The decisions taken by the State in the present day affect the lives of all citizens. In the light of the foregoing, mandatory and advisory decisions taken by the administration due to the Outbreak may result in impossibility of performance or hardship. The decisions of the administration which the public is obligated to follow are final and binding since they do not leave any initiative to the individuals and may result in the impossibility of the performance of the contract. In addition, the contracting party should implement the advisory decisions of the administration in a way that does not jeopardize the performance of the contract because, while taking the initiative to implement the advisory decisions, it should not be forgotten that the contract and the debt arising from the contract are still binding.

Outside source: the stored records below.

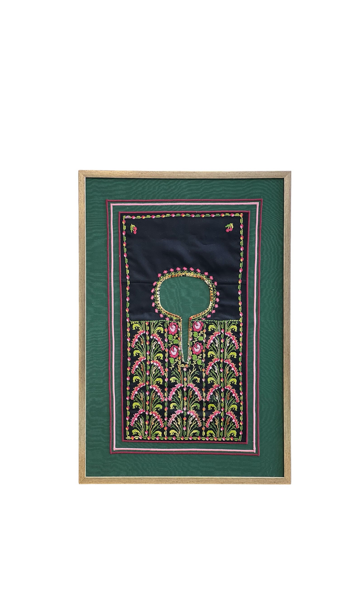 An orignal handmade Old palestinian embroidery chest panel of a dress from Hebron area done in the 1960's . Silk embroidery and mounted on moray silk material from damascus with frame . Size: 83x57 cm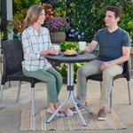 Ajoutez une touche de classe britannique à votre piscine ou à votre terrasse avec l'ensemble de bistrot Chelsea de Keter . Cet ensemble est livré avec deux élégantes chaises de jardin au design rond et une table ronde assortie fabriquée à partir d'un mélange saisissant de plastique dans un cadre en osier et des pieds en métal. Le dessus de table est fait d'un matériau robuste et durable qui est protégé contre les UV, de sorte qu'il ne se décolore pas au soleil.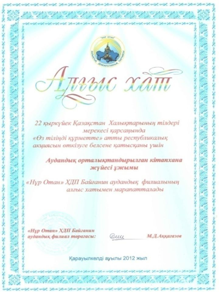 | 2012 жылы 22 қыркүйек Қазақстан Халықтарының тілдері мерекесі қарсаңында "Өз тіліңді құрметте" атты республикалық акциясын өткізуге белсене қатысқаны үшін Аудандық орталықтандырылған кітапхана жүйесі ұжымы "Нұр Отан" ХДП Байғанин аудандық филиалының Алғыс хатына ие болды. |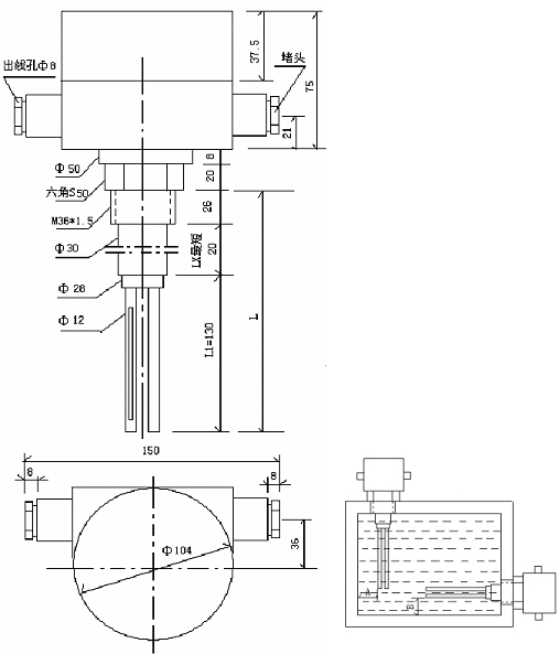 L1”長(zhǎng)度范圍130mm須全部浸入油中,并且電極距離油箱壁“A”及“B大于3mm以上。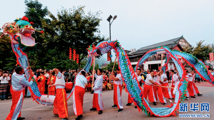 近日,云南省普洱市宁洱哈尼族彝族自治县磨黑镇举行了一场以“烧烤”为主题的文化旅游节,现场热闹非凡。长号、唢呐、锣鼓和鞭炮齐鸣,当地群众舞龙欢迎八方宾客。(来源:新华网)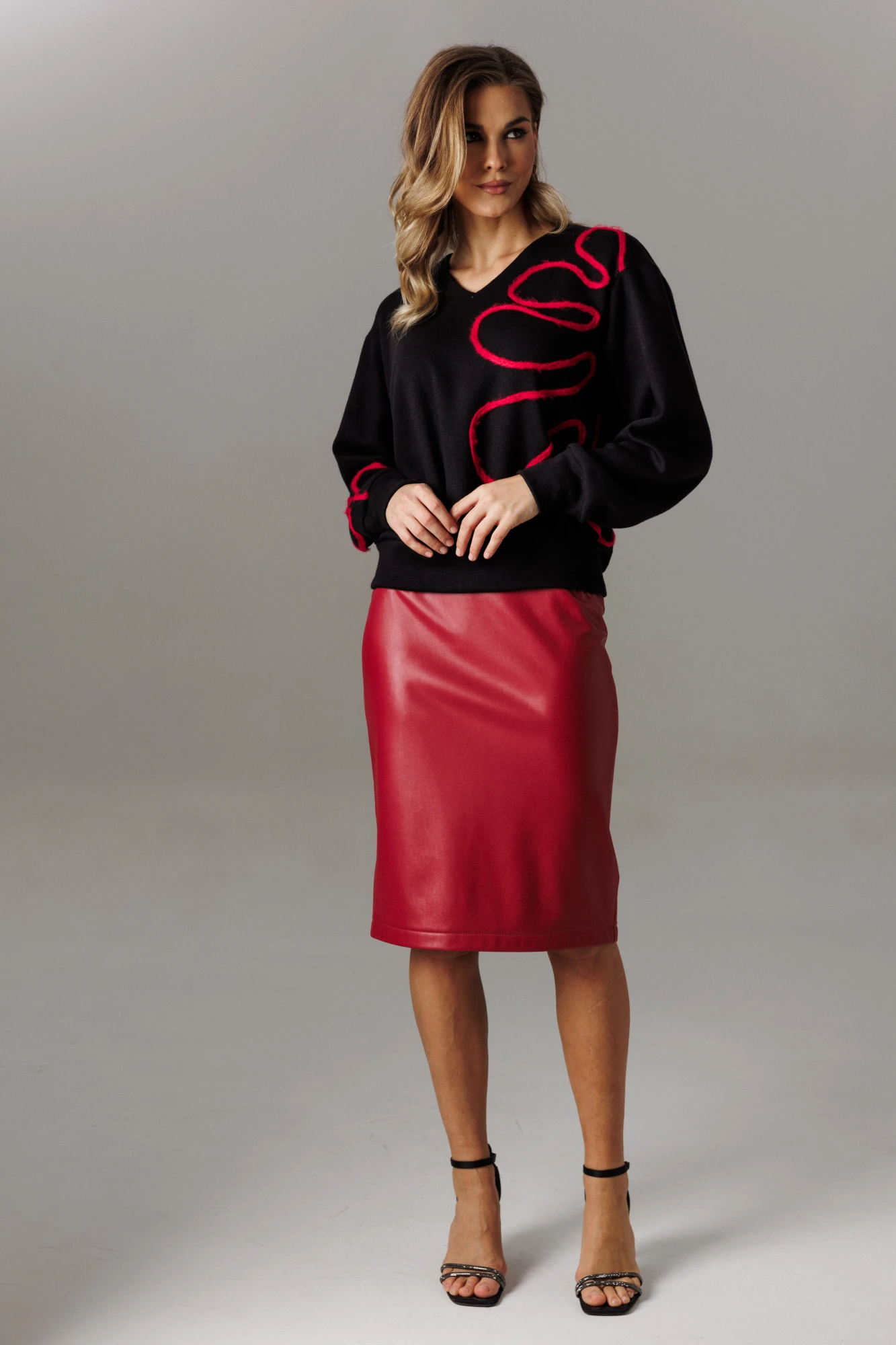 Юбочный костюм Ларс Стиль 1185 черный, красный двойка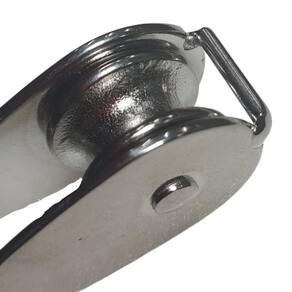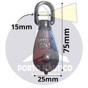 INFORMAÇÕES ADICIONAIS: Material: Aço inox 316. Tamanho: N20. Carga máxima: 75 kg. Contém alça destorcedor. Alta resistência e durabilidade. Projetado para pendurar objetos de peso para aliviar cargas Aplicação: Amplamente utilizado no esforço de tração de cabos de aço ou outras ferramentas de cabos. Uma corda, cabo, correia ou corrente geralmente passa sobre a roda e dentro da ranhura, se houver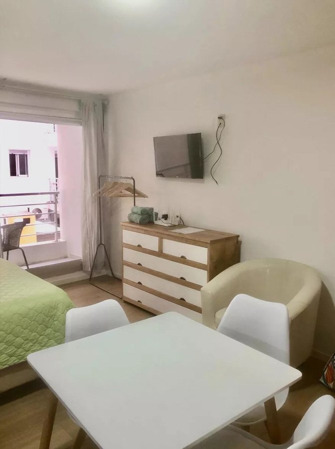 - Mesa para tres personas y TV con internet para entretenimiento y comodidad.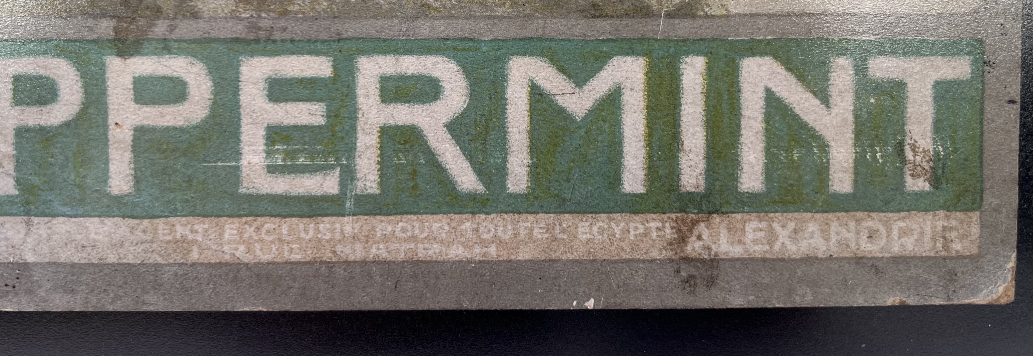 Affiche voor Vaal's Peppermint uit circa 1925, met groot portret van een piloot met bril en helm in groengele tinten. Vroeg voorbeeld van internationale reclamekunst in lithografie, geproduceerd voor export naar Egypte via Alexandrië. Registreer nu en bied eenvoudig online mee op dit affiche!! |
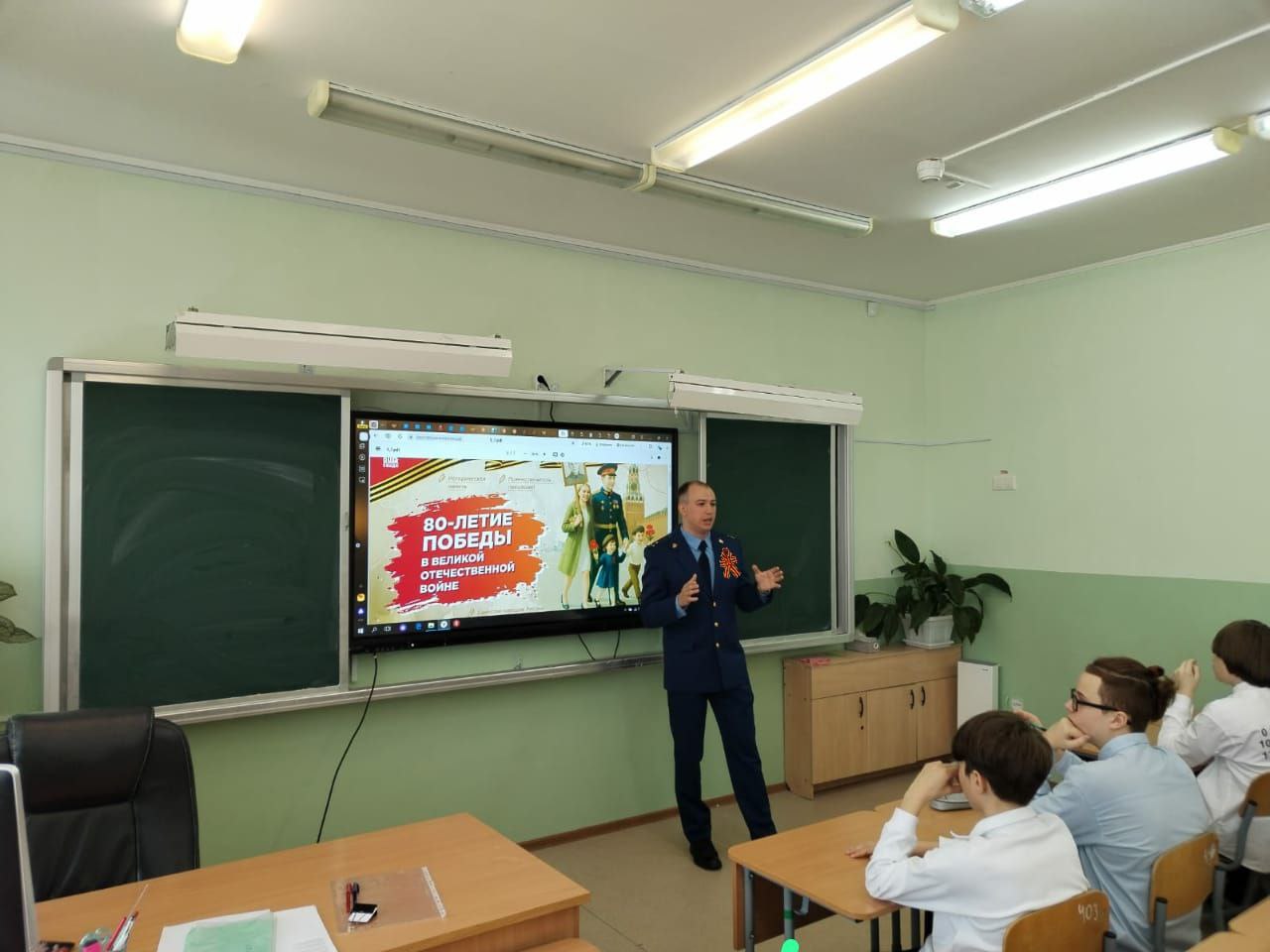 Перед учащимися школ Надыма на уроках «Разговоры о важном», посвященных Победе в Великой Отечественной войне, выступили заместитель городского прокурора Владимир Якунин, старший помощник городского прокурора Игорь Кулигин, помощники Ключарева Анна, Патлатюк Дарья и Патлатюк Кирилл.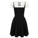 Das kleine Schwarze erhält mit dem Alice-Dress einen bezaubernden neuen Look. Dieses süße Minikleid besticht durch einen kontrastierenden weißen Netzeinsatz auf der Brust, der durch einen weißen Rüschenbesatz an den Rändern aufgewertet wird, und einen mittigen, mit zierlichen schwarzen Schleifen verzierten Schlitz. Die kurzen Puffärmel sind aus passendem weißem Netz gefertigt und mit elastischen Bündchen für zusätzlichen Komfort versehen. Das figurbetonte Oberteil schmeichelt der Taille und geht in einen ausgestellten Rock über – perfekt für diverse Anlässe.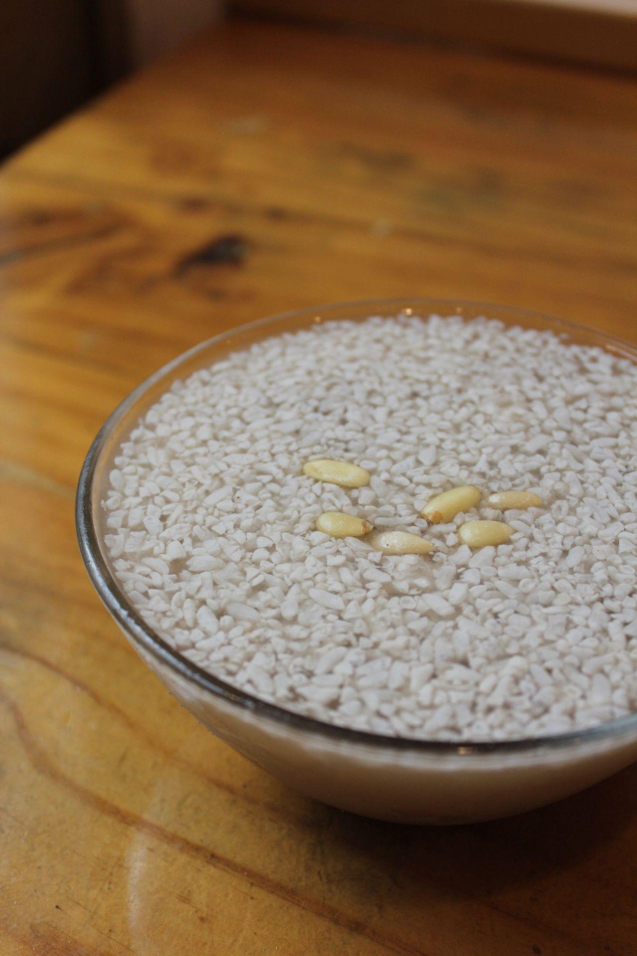 米露是用上米制成,微甜,十分清爽这间首尔美食店家每天自家炒制红豆茸,质感浓稠,甜度也十分刚好,加上栗子、肉桂粉等等,一上桌,便能感受到热热的香气直扑而来,拿汤匙一捞,底部还有一块手打年糕,层次十分丰富。店家也提供自家制甜米浆,不只是老一辈喜欢,韩国年轻人也十分喜爱。

The Banking Regulation and Supervision Agency (“BRSA”) published its decision numbered 8948 on 17 March 2020, which, in order to overcome in the easiest way possible the expected recess and contraction in economic life, provides flexibility for delays in loan payments according to the following measures:

1.     The 90-day default period envisaged to classify the loans as non-performing loans has been extended to 180 days.

2.     Similarly, the requirement for the loans whose principal and/or interest payments have been delayed more than thirty days or have been restructured once again during the one-year period term to be classified in the Third Group has been suspended.

Related applications shall be valid until 31 December 2020. We tried to present our legal initial evaluations with respect to the implications of the Outbreak. However, in these days where new developments occur every day about the Outbreak, we recommend that every development be evaluated meticulously and specific to the case. We hope that these difficult circumstances will come to an end soon.